Nothing was clear to him, just as it was not clear to Paul L. when he heard his number in Auschwitz and the order to stay in his place after the assembly with a few other prisoners. He thought they were going to be taken to work in the mine, but instead Bernhard Krüger appeared in front of them. 

He chose 55 men for himself. They were separated from the other prisoners. In the morning, they were taken by train to Berlin and from there to Sachsenhausen. They were given new prisoner numbers and a new home: barrack 19, “a secret barrack, a camp within a camp”, as Paul later recalled. They stayed there until the Nazis merged it with barrack 18.

One barrack housed just over 140 people, the number Krüger had requested for the forgery project, and 16 SS guards lived with them. The other barracks housed a printing press, equipped with the latest printing equipment and a photographic laboratory. Both barracks were surrounded by three rows of electric barbed wire. 
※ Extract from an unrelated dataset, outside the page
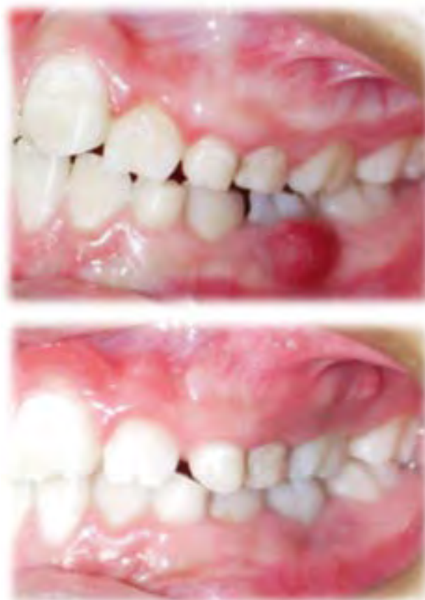
Figura 4. Antes y después de pza. 75 tratada con Pasta Trimix.

Tratamiento aséptico, induce la cicatrización del muñón pulpar. El tratamiento de pulpitis con Pulpotec® es más rápido que la pulpectomía., Evita numerosos fracasos que se han observado con el llamada pulpectomía. La eficacia se fundamenta en un archivo radiográfico de 300

No one working on the project was allowed to have any contact with the outside world. If he so much as spoke to a guard or prisoner outside his group, he would have been punished. Being completely separated from the other prisoners, they became like a family, Paul recalled. Once a week they were taken to take a shower from behind their barbed wire, but they had no way of communicating with the other camp inmates, and on top of that they had to sing German songs on the way to “act happy”. 

On the one hand, they were indeed better off than the other prisoners. Major Krüger made sure they had a little more food and better living conditions than they did, but not because he was so sympathetic to them, but because he didn’t want to end up on the Eastern Front: as long as his men were doing well, he was safe, and as soon as something went wrong, he would go down with them. 
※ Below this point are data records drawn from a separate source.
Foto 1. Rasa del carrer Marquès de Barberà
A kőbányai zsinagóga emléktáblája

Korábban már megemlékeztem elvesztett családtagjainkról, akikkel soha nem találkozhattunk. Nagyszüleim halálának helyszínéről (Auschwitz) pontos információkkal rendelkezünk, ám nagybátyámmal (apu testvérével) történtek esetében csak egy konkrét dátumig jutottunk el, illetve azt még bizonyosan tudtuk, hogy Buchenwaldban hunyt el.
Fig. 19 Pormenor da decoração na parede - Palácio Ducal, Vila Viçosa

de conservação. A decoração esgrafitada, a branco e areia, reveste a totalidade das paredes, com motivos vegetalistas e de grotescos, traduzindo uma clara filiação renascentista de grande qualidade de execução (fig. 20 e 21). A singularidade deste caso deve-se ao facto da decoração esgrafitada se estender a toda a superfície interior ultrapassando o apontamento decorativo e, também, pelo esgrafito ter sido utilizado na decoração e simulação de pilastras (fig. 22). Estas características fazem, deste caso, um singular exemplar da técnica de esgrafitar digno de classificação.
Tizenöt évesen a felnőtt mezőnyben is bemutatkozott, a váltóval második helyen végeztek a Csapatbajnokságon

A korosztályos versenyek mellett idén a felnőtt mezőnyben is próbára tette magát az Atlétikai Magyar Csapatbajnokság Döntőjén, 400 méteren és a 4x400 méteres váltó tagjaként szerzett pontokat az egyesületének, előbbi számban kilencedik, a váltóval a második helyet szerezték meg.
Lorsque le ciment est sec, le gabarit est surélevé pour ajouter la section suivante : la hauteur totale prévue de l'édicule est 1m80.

But the “inhabitants” of barracks 18 and 19 knew that their days were numbered. They were enlightened from the start that any mistake meant instant death. If a guard so much as detected that anyone was trying to sabotage the operation of the programme, all members of the counterfeiting group would be immediately executed. 

The programme was secret and only Jewish prisoners printed money. None of them were under any illusion that they would be allowed to survive. They knew too much. They worked slowly to stay alive as long as possible, but they could not work too slowly either, lest they be accused of sabotage. They were constantly looking for a balance that would give them another day to live, and they were successful in maintaining it. 
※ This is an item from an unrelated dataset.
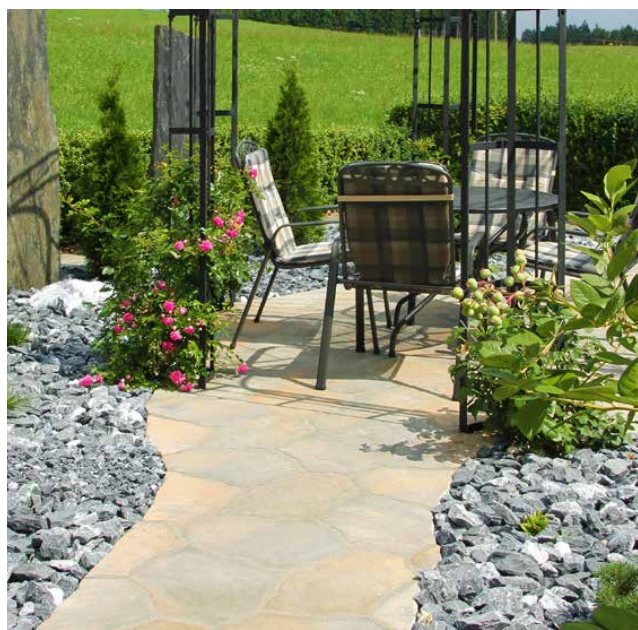
HACIENDA® CAMINOS polygonales Plattensystem

They worked so thoughtfully in five departments: engraving, printing, binding, photography and phototypesetting, or the high-end printing technique with line cliché. They forged French identity cards for the use of German spies, certificates of residence, documents for the evacuation of civilians from French Brittany, and “red cards” from the People’s Commissariat for the Interior or the Russian Security Intelligence Service. 

They printed instructions for German spies, such as how to destroy the railway tracks, and produced stamps, including one with propaganda messages in English: “This war is a Jewish war.” At the end of the war, they had the seals of all the South American countries and others in a box. They could print the passport of just about any country they could think of, which helped the Nazi criminals considerably in their flight abroad after the defeat of Germany. 

But their most important task was still to counterfeit money, even though at the beginning of 1943 they still did not have the perfect paper for it. After many failed attempts, the Nazis finally gave up and decided to find skilled craftsmen to make the paper by hand. 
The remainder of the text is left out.